Learning Apache Kafka

If you working on micro service there's a time when you will need to implement message broker to distribute a data accros your micro services. On of the popular option for is apache kafka.

What is apache kafka?

Apache Kafka is an open-source stream-processing software platform fist developed by LinkedIn and now is maintained by the Apache Software Foundation. It is used for building real-time data pipelines and streaming applications. It is a distributed, high-throughput, and fault-tolerant message broker.

Apache Kafka is written in Scala and Java and can be used to develop applications that process, store, and analyze streaming data. Kafka can connect to external systems (for data import/export) via Kafka Connect and provides Kafka Streams, a Java stream processing library.

Kafka Component

There is a lot of terminology in kafka, so before you begin learning here's the terminology you need to learn.

  • Publiser: Application that will send the data to kafka cluster.
  • Comsumer: Application that will receive data from kafka cluster.
  • Cluster: A collection of kafka server.
  • Broker : A Kafka broker is a Kafka server that stores and distributes the messages in topics.
  • ZooKeeper: Application that will manage the kafka cluster.
  • Topic: A name for the data that stored in kafka cluster, just like table in traditional database.
  • Partition: The storage to storing data of kafka topic message. One topic can have multiple partiion.
  • Replication: A backup storage of kafka message topic, the replication will be stored to different kafka server.
  • Consumer Group: To prevent the consumer for listening a topic multiple time when the node of that service is more than one. This is useful to prevent duplicate data in the consumer side.
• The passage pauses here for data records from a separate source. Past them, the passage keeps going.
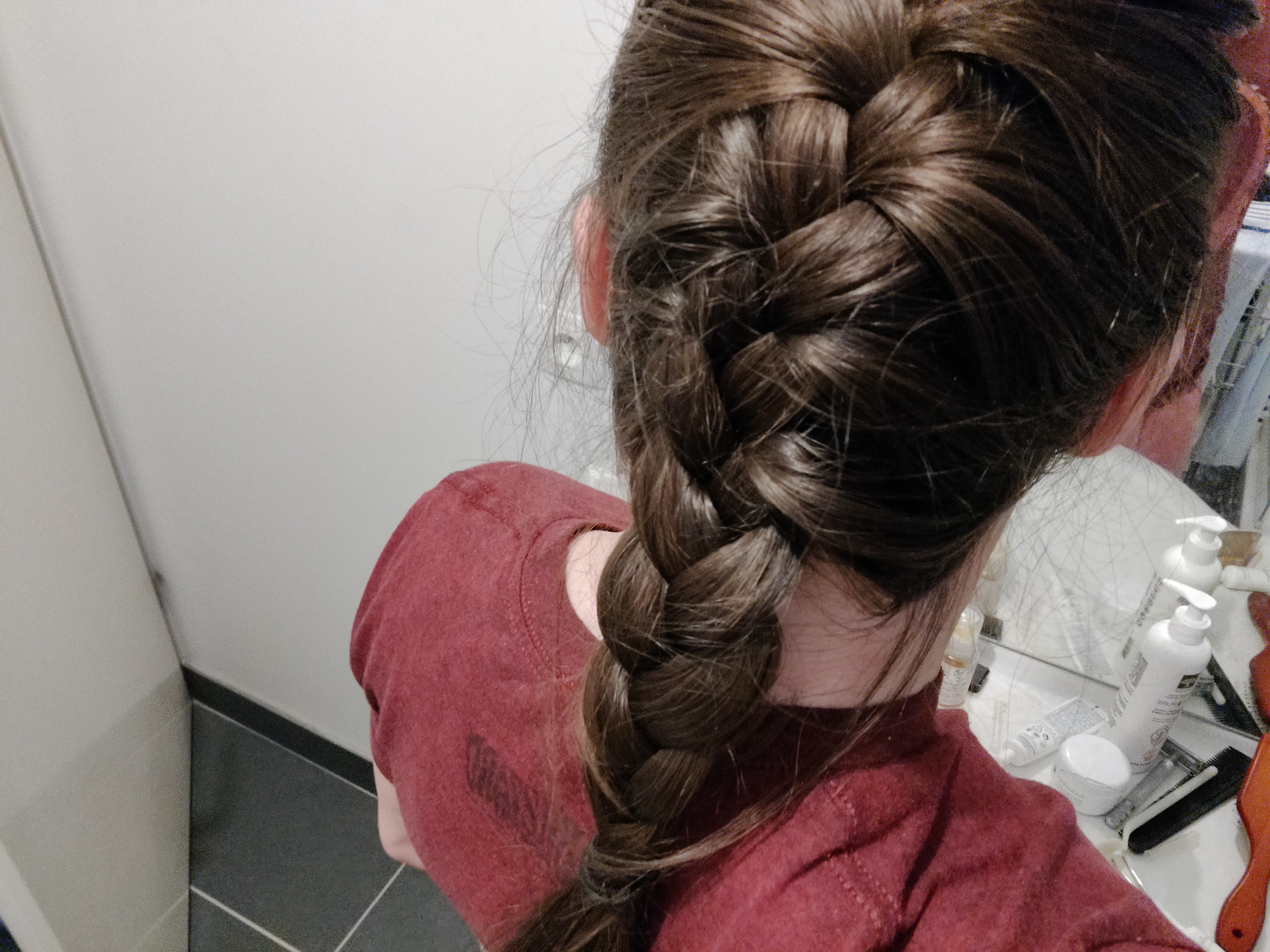 Petit message pour donner de la motivation à ceux qui sont en pleine pousse :Ma longueur actuelle avec différentes coupes dont une tresse faite à la va-vite en 2-3mn donc pas très parfaite.
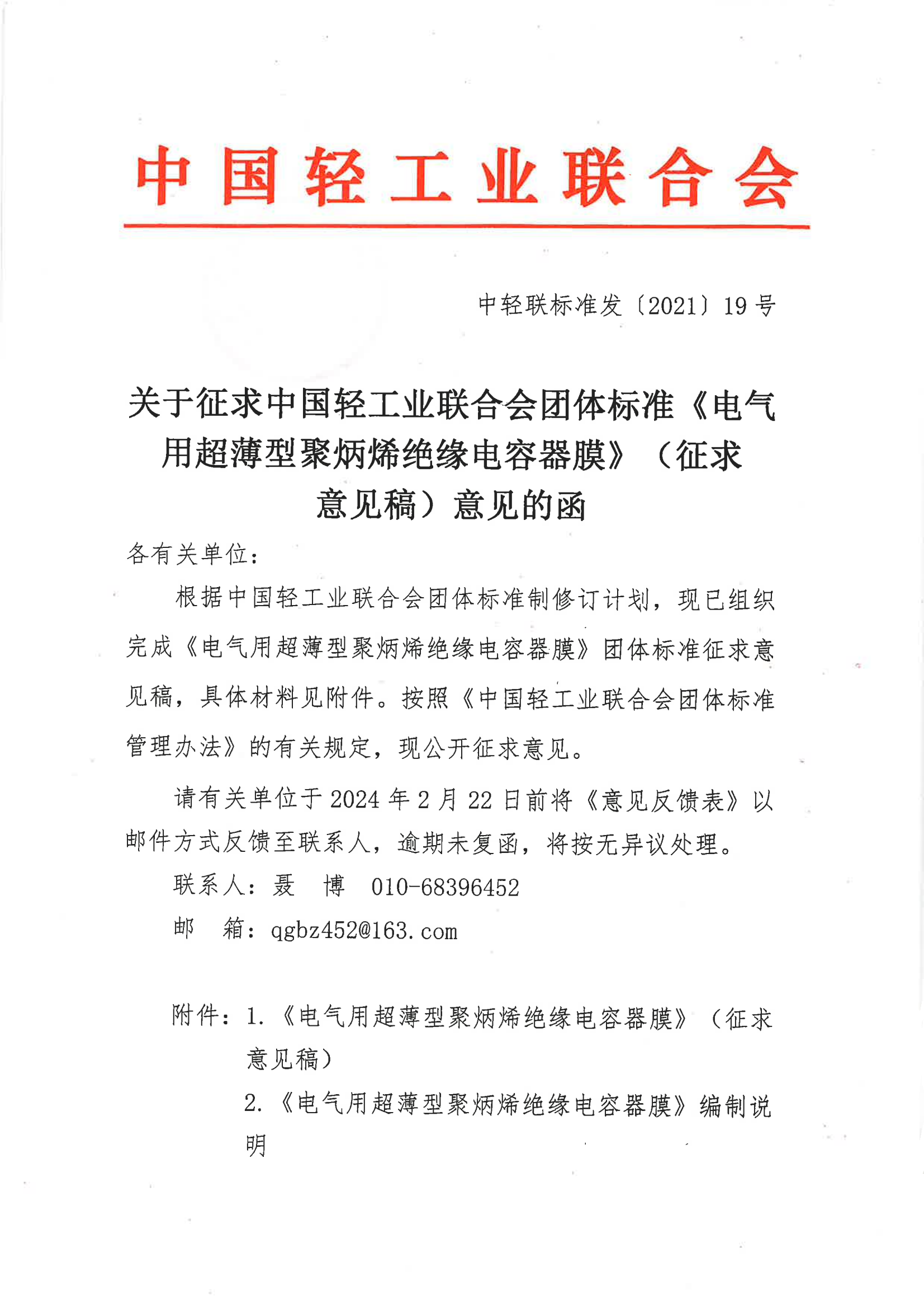 關(guān)于征求中國(guó)輕工業(yè)聯(lián)合會(huì)團(tuán)體標(biāo)準(zhǔn)《電氣用超薄型聚丙烯絕緣電容器膜》(征求意見(jiàn)稿)意見(jiàn)的函
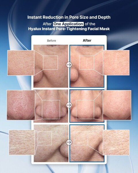 | ▲ 케어젠이 자사의 펩타이드 히알루로니다아제 기술 ‘CG-Hyalux’ (ECM 전달 플랫폼) 가 적용된 즉각적인 모공 및 주름 개선 효과를 검증하기 위한 기능성 마스크팩의 국내 임상시험을 시작한다. Hyalux Instant Pore-Tightening Facial Mask 이미지 (사진= 케어젠 제공) |
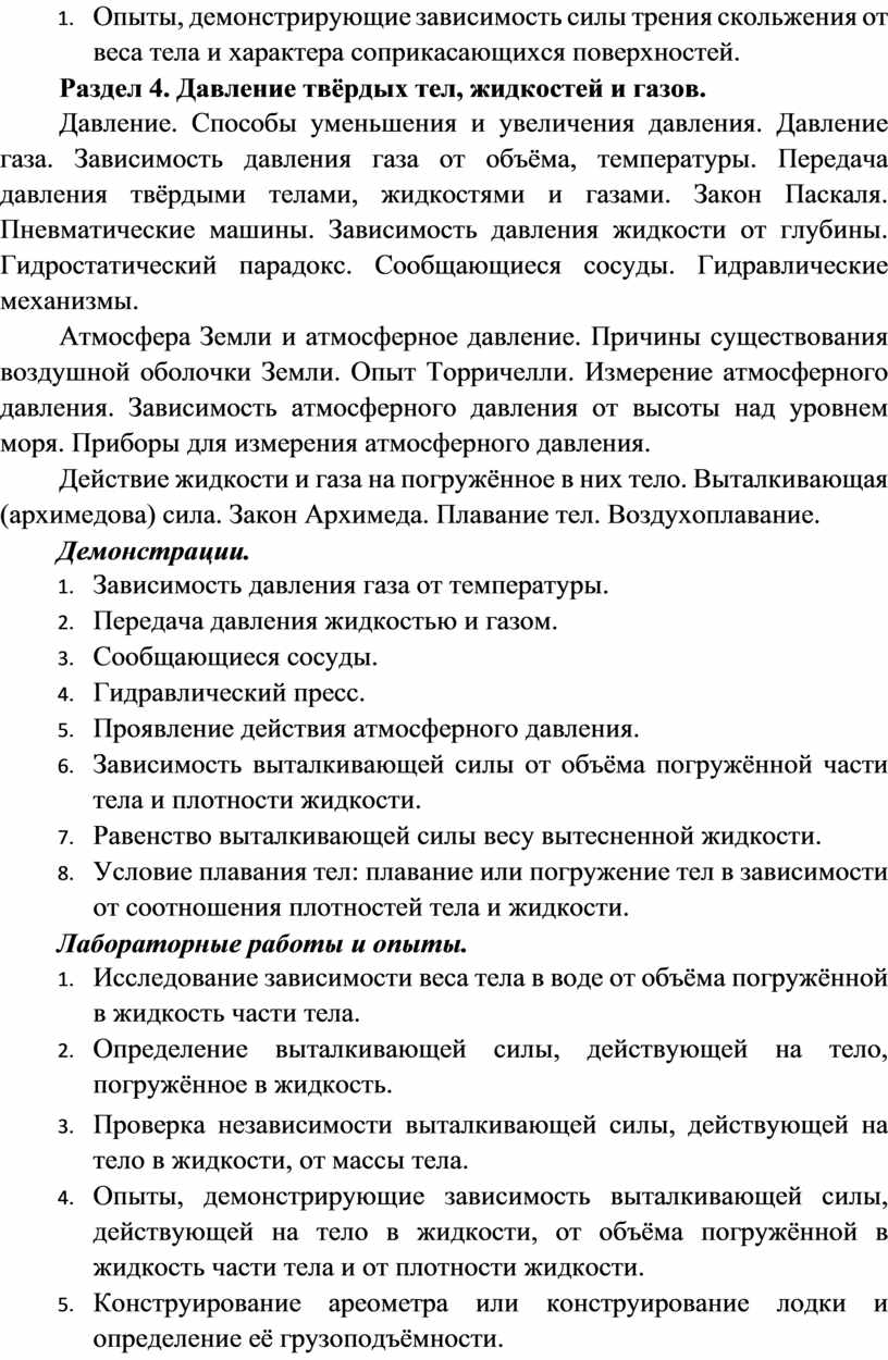 4. Опыты, демонстрирующие зависимость выталкивающей силы, действующей на тело в жидкости, от объёма погружённой в жидкость части тела и от плотности жидкости.
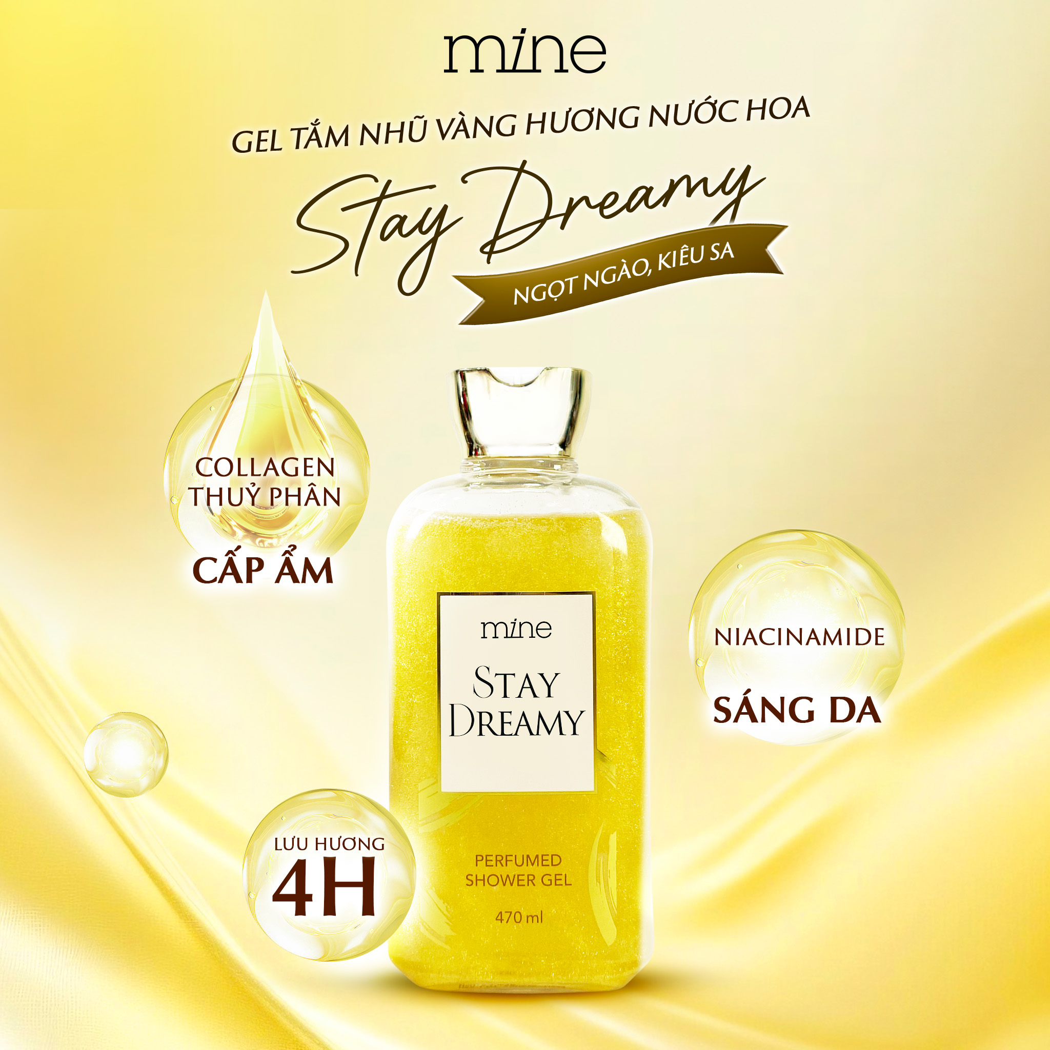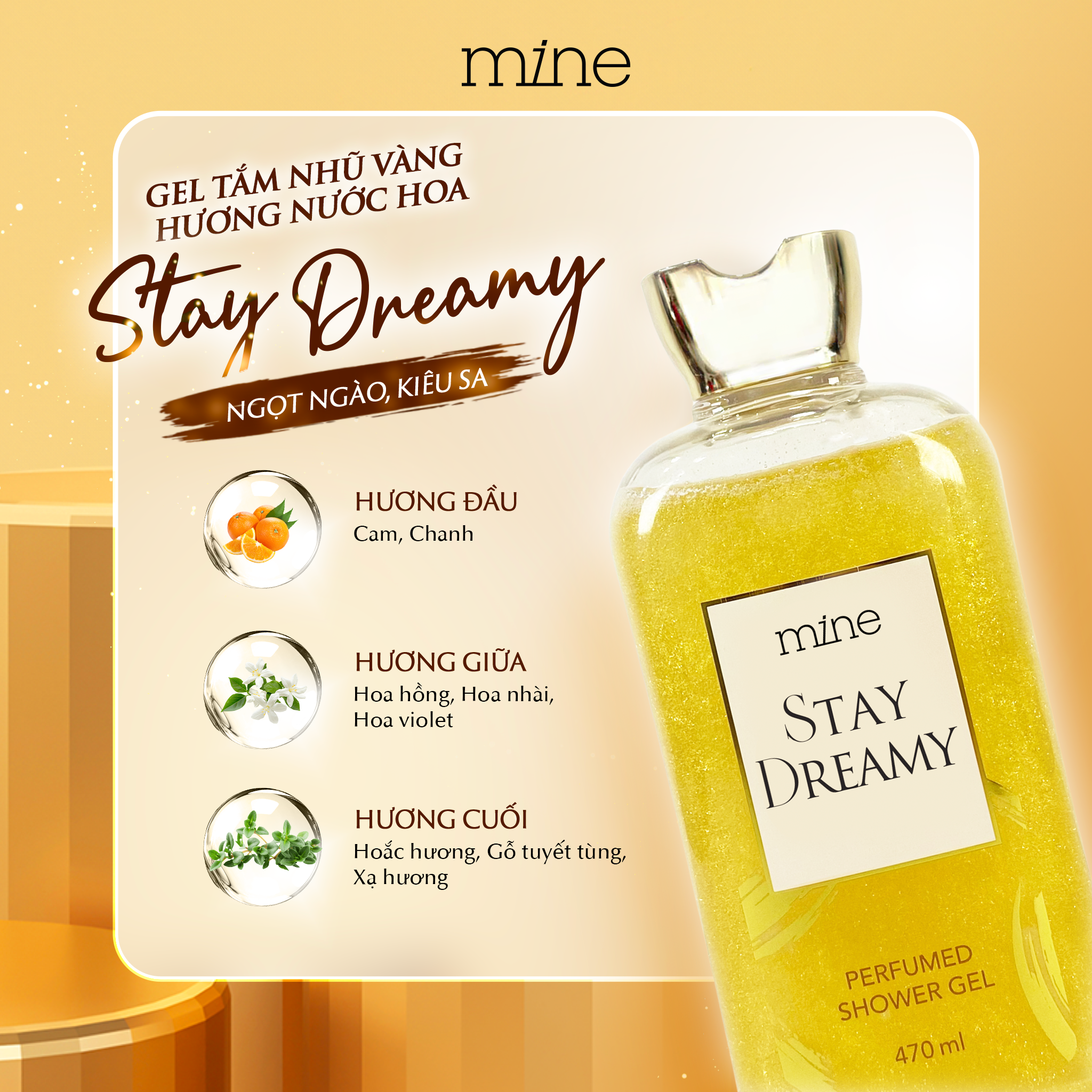 1. Tên sản phẩm: Gel tắm trắng nhũ vàng nước hoa Mine Stay Dreamy 470ml

Thing's to note is that make sure the node of the consumer is the same size of the the partition of that topic.
  • Retention Policy: By default the data in Kafka server can not be deleted. If you want to delete that you delete all the data by topic. With retention Policy we can configure when the data in Kafka server can be deleted automatically. It can be deleted two ways. First auto delete by retention size, for example if we set the retention size to 1GB it will delete the data when it hit 1GB size, and it will delete the last data not all. The second is retention by time, just like expired time.
  • Offsets : Offsets are the pointer to the messages in a Kafka topic. Offsets are used to keep track of the messages that have been consumed.

Install Java

Kafka is written in Scala and Java, so in order to make it run on you machine you need to install Java, download it here.

Install Kafka

Now download Kafka binary here choose the platform you like it work for MacOS, Linux and Windows.

After download extract the file using this command.

tar -xzf kafka_2.13-3.3.1.tgz
cd kafka_2.13-3.3.1

Now let's update config of zookeeper in config/zookeeper.properties.

dataDir=data/zookeeper
clientPort=2181
maxClientCnxns=0
admin.enableServer=false

Also update config for server in config/server.properties.

...
log.dirs=data/kafka
...

All this config is to make sure that we are not loosing our data after our computer is restarted.

Run the server

First let run the zookeper server.

./bin/zookeeper-server-start.sh config/zookeeper.properties

Then run the kafka server.

/bin/kafka-server-start.sh config/server.properties